About this exercise -
Please print exactly the lines from the line containing "Kahverengi gövdesi ve" through the end of the data, no more, and keep pictures out of the copy.

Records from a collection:
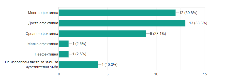 "Ако използвате паста за зъби за чувствителни зъби, как я оценявате по отношение на ефективност?"
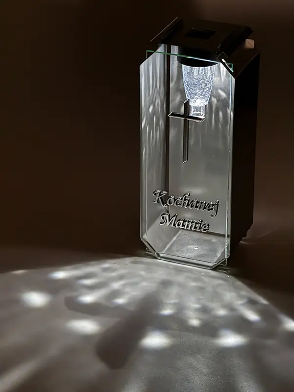 Elegancki design: Znicz składa się z metalowej obudowy oraz jednej szklanej ściany- przeźroczystej, która pięknie rozprasza światło.
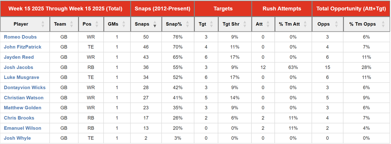 The Packers will be without TE Tucker Kraft all year. Otherwise, they essentially got back to a full-house last week, having WRs Christian Watson, Jayden Reed, Romeo Doubs, Dontayvion Wicks, and Matthew Golden, as well as TE Luke Musgrave, all available. It’s a dreadfully small sample size, but here is how the breakdown of snaps and targets shook out in Week 15:
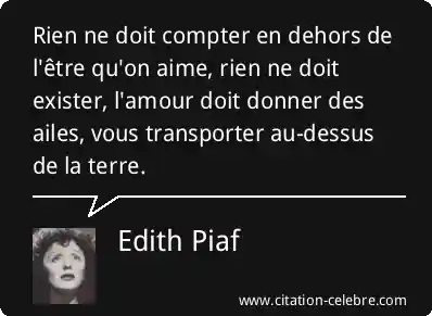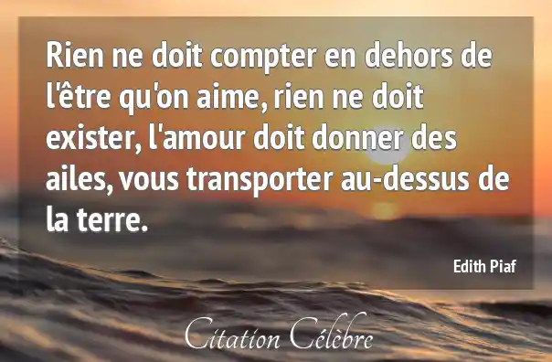 Rien ne doit compter en dehors de l'être qu'on aime, rien ne doit exister, l'amour doit donner des ailes, vous transporter au-dessus de la terre.
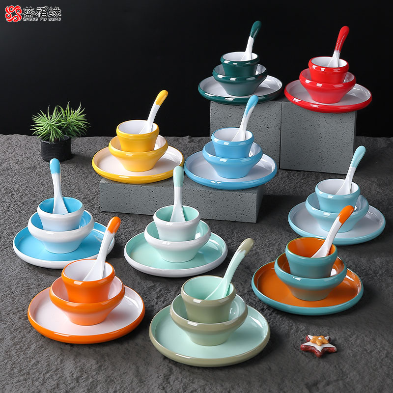 密胺餐具摆台餐具套装四件套创意餐厅饭店酒店火锅店专用碗碟勺杯
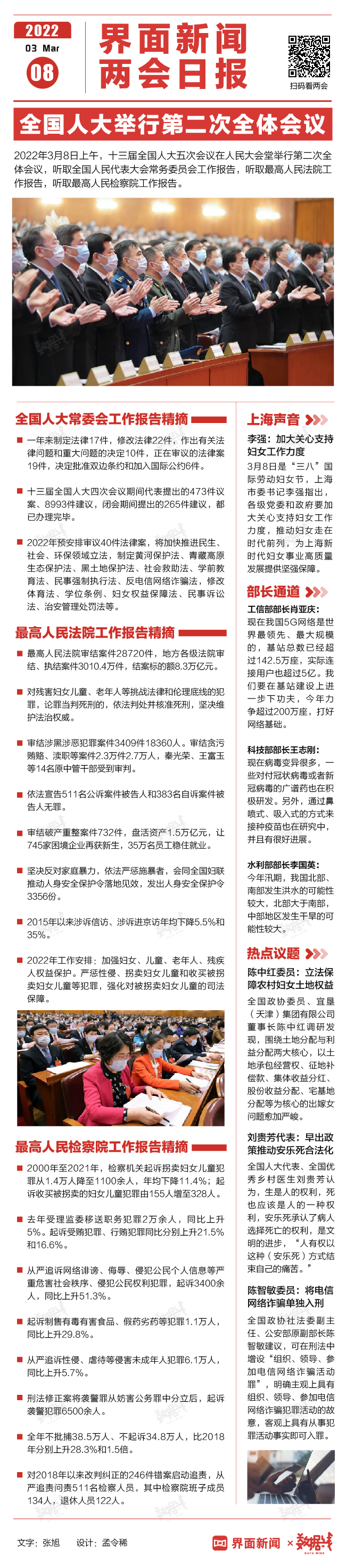 2022年3月8日上午,十三屆全國人大五次會議在人民大會堂舉行第二次全體會議,聽取全國人民代表大會常務(wù)委員會工作報告,聽取最高人民法院工作報告,聽取最高人民檢察院工作報告。
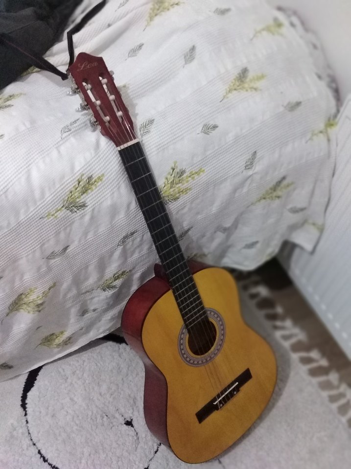 Kahverengi gövdesi ve koyu klavyesi olan renkli klasik gitar, çeşitli müzik tarzlarına uygun geleneksel tasarıma sahiptir.
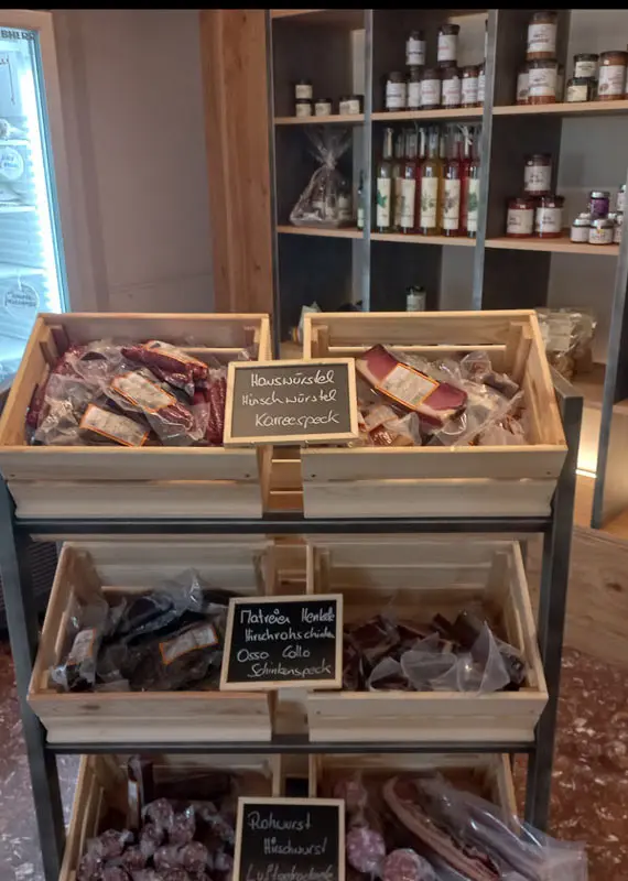 Ambilini Cafe` - Defregger Senf - Freilandeier vom fahrenden Hühnerstall aus Nölbling - Selchspezialitäten vom Lesachtaler Fleisch - Osttiroler Henkele /Fleischhauerei Mühlstätter / Matrei - Honig von Ernst Unterlaas / Kötschach und Imkerei Winkler aus Gentschach / Lesachtal - Kürbiskernöl von einem Sieger 2022, Fam. Ottanbacher aus Mureck / Steiermark - Schokolade von der Manufaktur Pichler /Sillian

The answer -
 Kahverengi gövdesi ve koyu klavyesi olan renkli klasik gitar, çeşitli müzik tarzlarına uygun geleneksel tasarıma sahiptir.
 Ambilini Cafe` - Defregger Senf - Freilandeier vom fahrenden Hühnerstall aus Nölbling - Selchspezialitäten vom Lesachtaler Fleisch - Osttiroler Henkele /Fleischhauerei Mühlstätter / Matrei - Honig von Ernst Unterlaas / Kötschach und Imkerei Winkler aus Gentschach / Lesachtal - Kürbiskernöl von einem Sieger 2022, Fam. Ottanbacher aus Mureck / Steiermark - Schokolade von der Manufaktur Pichler /Sillian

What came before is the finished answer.